The Gates by Murat Turan - art from Nobis © Pantheon Press LLC

The Gates by Murat Turan - art from Nobis © Pantheon Press LLC

Nobis is a game supplement about to be released by Pantheon Press for the d20/ D&D 3.x game system. Campaign Mastery was priviliged to be amongst a selected number of blog sites given a pre-release glimpse of the new release for review. Although this commentary will focus on the Background to the city-state that is at the heart of the supplement, its potential as the basis of a new campaign, and its capacity for integration into an existing campaign, I want to start with a couple of general comments.

General Concept:

Nobis is a world on the cusp of a paradygm shift in its social, technological, and philosophical foundations. Small pockets of civilization have suddenly made monumental advances, casting aside the feudal caste system in general usage and embracing democracy. They are “expanding rapidly, moving into uncharted territory with often violent and unexpected results,” to quote the supplement. New communities are being founded on the peripheries of old Kingdoms, sparsely populated nomadic lands are now home to thousands. Alliances have formed for mutual protection, for potential profit, or by conquest. More than ever, wealth equates to power, and once-important political figures find their authority waning. To some, ‘thinkers’ place the world in greater danger than it has experienced in living memory, as they meddle with powers better left undisturbed, while others see new opportunities opening before them; while the city-states offer “modern conveniences and access to information on an unprecedented scale, crime is rampant and organised guilds vie for control”. The campaign setting, in other words, is early Renaissance in nature, not the medieval background most common to D&D, but the old ways are not going to vanish without a fight.
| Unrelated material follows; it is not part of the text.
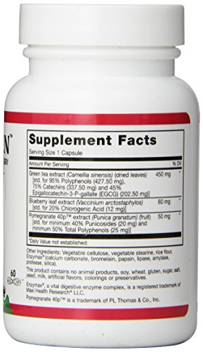 Pome-Green contains a super potent standardized extract of green tea (450 mg), which contains 95% Polyphenols, and 40% epigallocatechin-3 P-gallate (EGCG). Much of the research has been done with EGCG, one of the main constituents in Green Tea, and it appears to have the greatest antioxidant activity of all the green tea catechins.
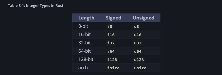 - isize and usize types depend on the architecture of the computer

Nobis cover art by Eren Arik © Pantheon Press LLC

Nobis cover art by Eren Arik © Pantheon Press LLC

Contents:

The Nobis supplement is divided into 18 chapters of varying length:

  • Nobis Calender
  • A Brief History Of The World
  • Map of Nobis
  • The City-States
  • The World Beyond
  • Major Guilds
  • Secret Societies & The Underworld
  • The Gods of Nobis
  • Magic & Spellcraft
  • Races of Nobis
  • Classes in Nobis
  • New Feats
  • Fencing Discipline
  • Firearms
  • Reputation System
  • A Nobis Campaign
  • Adventure Hooks

In addition, the chapter on Gods contains some new domains.

Utility of the setting

This is incredibly high – if your existing campaign is ready for firearms, and you’re ready for the politics to move beyond the standard feudal system of D&D into something with which a modern audiance will be more familiar. The utility is equally high if the campaign is to be a new one. The supplement is brimming with ideas – inspiration leaks out from virtually every paragraph.

Let’s look at a couple of concrete examples:

The World History

YR 6973 – The earliest records of elven society date to this period. The few tattered remnants depict a time of great darkness. Some speculate that the Elves of Illysium closely guard a more detailed history and a secret too dangerous to reveal to the world. Myth and legend are all that remains from the ancient world.

YR 7142 – Powerful Druidic sects, disciples of Derrin, band together, forming the first great Empire on Nobis. Isolated along the southeastern coast of the great continent, Sigrast would stand for more than 200 years.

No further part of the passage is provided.